By Elizabeth Scott, MS
Medically reviewed by Amy Morin, LCSW

Those with a higher degree of emotional resilience can handle the stresses that come with daily life more effectively and calmly. They are also able to manage crises more easily. Fortunately, emotional resilience is a trait that can be developed. In fact, it’s a trait that is worth developing for many reasons, not the least of which is that it can transform your life and your experience of stress.

What Is Emotional Resilience?

Emotional resilience refers to one’s ability to adapt to stressful situations or crises. More resilient people are able to “roll with the punches” and adapt to adversity without lasting difficulties; less resilient people have a harder time with stress and life changes, both major and minor.

Research shows that those who deal with minor stresses more easily also can manage major crises with greater ease. So, resilience has its benefits for daily life as well as for the rare major catastrophe.

What Influences Emotional Resilience?

Emotional and physical resilience is, to a degree, something you’re born with. Some people, by nature, are less upset by changes and surprises – this can be observed in infancy and tends to be stable throughout one’s lifetime.

Emotional resilience is also related to some factors that aren’t under your control, such as:

  • Age
  • Exposure to trauma
  • Gender

However, resilience can be developed with some effort and practice. If you know what to do, you can become more resilient, even if you are naturally more sensitive to life’s difficulties.

Traits of Emotional Resilience

Resilience is not a quality that you either do or do not possess; there are varying degrees of how well a person can handle stress. Still, there are specific characteristics that resilient people tend to share. Here are some of the main characteristics.

Emotional Awareness

People with emotional awareness understand what they’re feeling and why. They also understand the feelings of others better because they are more in touch with their own inner life. This type of emotional understanding allows people to respond appropriately to others and to better regulate and cope with difficult emotions such as anger or fear.


Whether they’re working toward outward goals or on inner coping strategies, they’re action-oriented—they trust in the process and don’t give up. Resilient people don’t feel helpless or hopeless when they are facing a challenge. They are more likely to keep working toward a goal when they are faced with an obstacle.

Internal Locus of Control

They believe that they, rather than outside forces, are in control of their own lives. This trait is associated with less stress because people with an internal locus of control and a realistic view of the world can be more proactive in dealing with stressors in their lives, more solution-oriented, and feel a greater sense of control, which brings less stress.


Resilient people also see the positives in most situations and believe in their strength. This can shift how they handle problems from a victim mentality to an empowered one, and more choices open up.


Social support plays a critical role in fostering resilience in addition to improving overall mental well-being. While resilient people tend to be strong individuals, they know the value of social support and can surround themselves with supportive friends and family.

Sense of Humor

People strong in emotional resilience can laugh at life’s difficulties. This can be a tremendous asset, as it shifts one’s perspective from seeing things as a threat to seeing them as a challenge, and this alters how the body reacts to stress. They also get a good laugh more often, and this brings benefits as well.


Resilient people can learn from their mistakes (rather than deny them), see obstacles as challenges, and allow adversity to make them stronger.
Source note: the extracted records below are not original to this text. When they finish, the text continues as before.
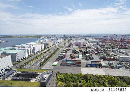 東京港に並ぶ倉庫・物流センターとコンテナ(東京都江東区)
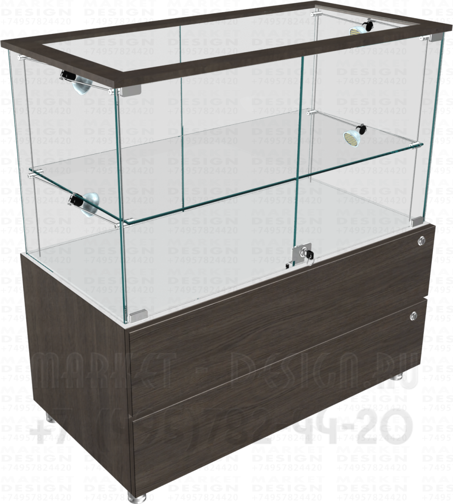 Стеклянная витрина с боковой подсветкой с подтоварной тумбой
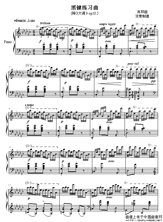 温馨提示:想要保存黑键练习曲,独特风格尽显 黑键练习曲,弹奏别样旋律 黑键练习曲,展现精湛技艺曲谱?在曲谱图片上单击右键,选择"图片另存为...",即可将该曲谱保存到您的电脑本地,想要打印出来?将图片插入到WORD中,调整合适到大小打印即可。

They can also find meaning in life’s challenges rather than seeing themselves as victims.


Being connected to your spiritual side has been linked with stronger emotional resilience, especially if you’re internally connected and not just going through the motions of attending services. (This doesn’t mean that people who aren’t spiritual can’t be resilient, only that this connection has been found.)

How to Build Your Resilience

There are steps you can take to improve your resilience. These include:

  • Build connections with other people. Prioritize your relationships and reach out to others by joining community-based groups in your area.
  • Manage your thoughts. Work on maintaining a hopeful outlook and accept that change and setbacks are part of life. The important thing is to keep working toward your goals.
  • Take care of yourself. Foster wellness by taking care of your mind and body. Eat well, stay physically active, and avoid unhealthy coping mechanisms.

If you are struggling to overcome a traumatic event or setback, talk to your doctor or mental health professional. A therapist can help you learn and practice coping strategies that can foster greater resilience in the face of life’s challenges.

A Word From Verywell

As mentioned, emotional resilience can be developed. And because stress and change are a part of life, there are always opportunities to practice resilience—the payoffs are significant. All it takes is an interest and commitment to the process and a little information on how to develop and strengthen traits of resilience.